# Friday Night Moon Shots



## kundalini (Feb 19, 2010)

Bored on a Friday night and just itching to post a photo but don't what it should be? Post a moon shot. I've found out if I start earlier, they don't seem quite so fuzzy. 

Go on.... you know you wanna do it................


19Feb2010


----------



## PackingMyBags (Feb 19, 2010)

Nice...what lens?


----------



## kundalini (Feb 19, 2010)

PackingMyBags said:


> Nice...what lens?


 Nikon D300 with 300mm f/4 + 1.7TC.


----------



## Casshew (Feb 19, 2010)

Wow, I love it, dramatic and lovely.


----------



## webmaster705 (Feb 22, 2010)

Wow i just love it, it seems so romantic and eye catching its a fantastic shot, i am sure i will have some good shots like yours soon


----------



## Rob_W (Feb 24, 2010)

Great shot, this was the best i could get on Monday, taken with
my old Nikon 70-300 f4-5-6 on its own. I've found its a bit soft
at the 300 end, soon being replaced...


22 Feb 2010​


----------



## kundalini (Feb 26, 2010)

I've already gotten a couple tonight, but I'm over at friends house and they have no photo editor.   

I'll have to post tomorrow, but PLEASE GO AHEAD AND POST YOUR FRIDAY NIGHT MOON SHOT!!!!


----------



## PerfectlyFlawed (Feb 27, 2010)

lol.. i tried. 
Your guys' moon shots are AMAZING! Im jealous. I only had my 55-200mm on me.. and this was as close as i could get. The moon looked awesome in the storm clouds..so thought if try.

Whats the trick to getting a super good, clean shot? ( aside from a longer range lens..lol --is 300 enough )


Bump.


----------



## JimmyO (Feb 27, 2010)

Mine

was from that farmers harvest moon or whatever when its the biggest ever or sumtin


----------



## the iconic image (Feb 28, 2010)

You can't get decent results but aiming a lens at the moon and triggering the shutter.. Stack a 1 stop and a 2 stop ND filter in front of your glass. Use a 400 with a doubler, manual focus, fire some frames. You get the picture.. There is one I shot of the moon tonight on my blog.

the Iconic Image


----------



## PerfectlyFlawed (Feb 28, 2010)

Stack a 1 stop and a 2 stop ND filter in front of your glass. Use a 400 with a doubler said:
			
		

> Ok...I'm totally new to this stuff... 1 stop? 2 stop ND filter???...400 w/ doubler? Lol
> Can u be a little more specific...so I know what I need? Lol still learning the manual focus---i turned off auto was trying to take a quick pic before the clouds swallowed the moon again lol used the low light iso option on my cam. Wanna say it was 1800 ISO.


----------



## JimmyO (Feb 28, 2010)

the iconic image said:


> You can't get decent results but aiming a lens at the moon and triggering the shutter.. Stack a 1 stop and a 2 stop ND filter in front of your glass. Use a 400 with a doubler, manual focus, fire some frames. You get the picture.. There is one I shot of the moon tonight on my blog.
> 
> the Iconic Image



Honestly dont even like your shot, looks like something a scientist would like, but it just looks ugly, and also the last time i checked the moon wasnt blue. 
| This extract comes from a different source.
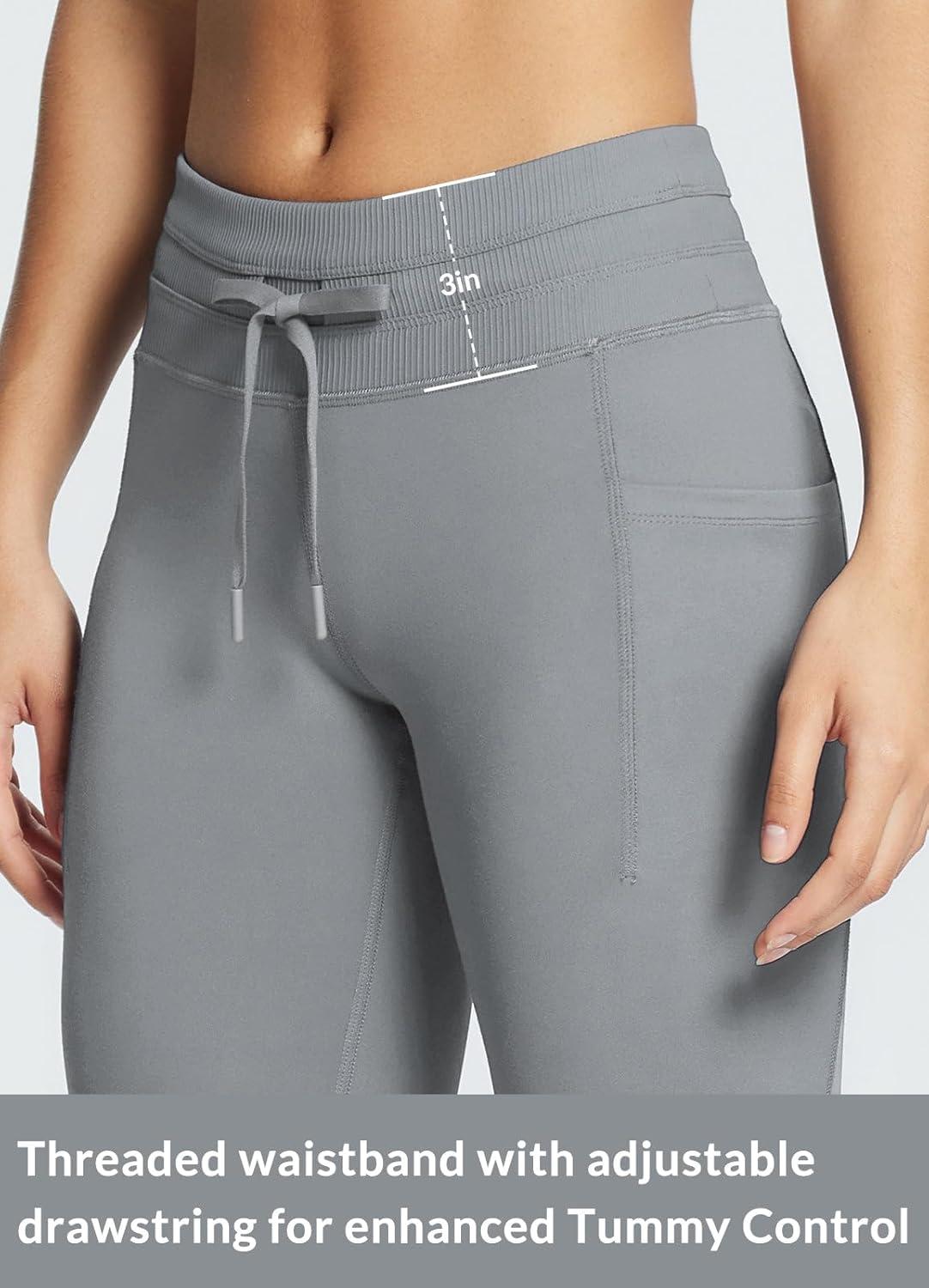 baleaf Women’s Fleece Lined Leggings Water Resistant High Waisted Thermal Warm Winter Tights Ski Hiking Pants with Pockets(Grey)
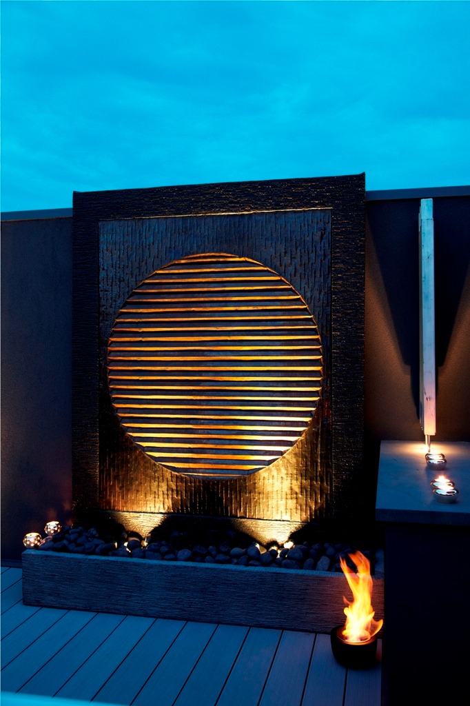 •The copper wall with stone pond base

My shot was taken with a tripoded d90+180mm 2.8 AIs at either f/4 or 5.6.


----------



## PerfectlyFlawed (Feb 28, 2010)

Honestly dont even like your shot, looks like something a scientist would like, but it just looks ugly, and also the last time i checked the moon wasnt blue. 

My shot was taken with a tripoded d90+180mm 2.8 AIs at either f/4 or 5.6.[/QUOTE]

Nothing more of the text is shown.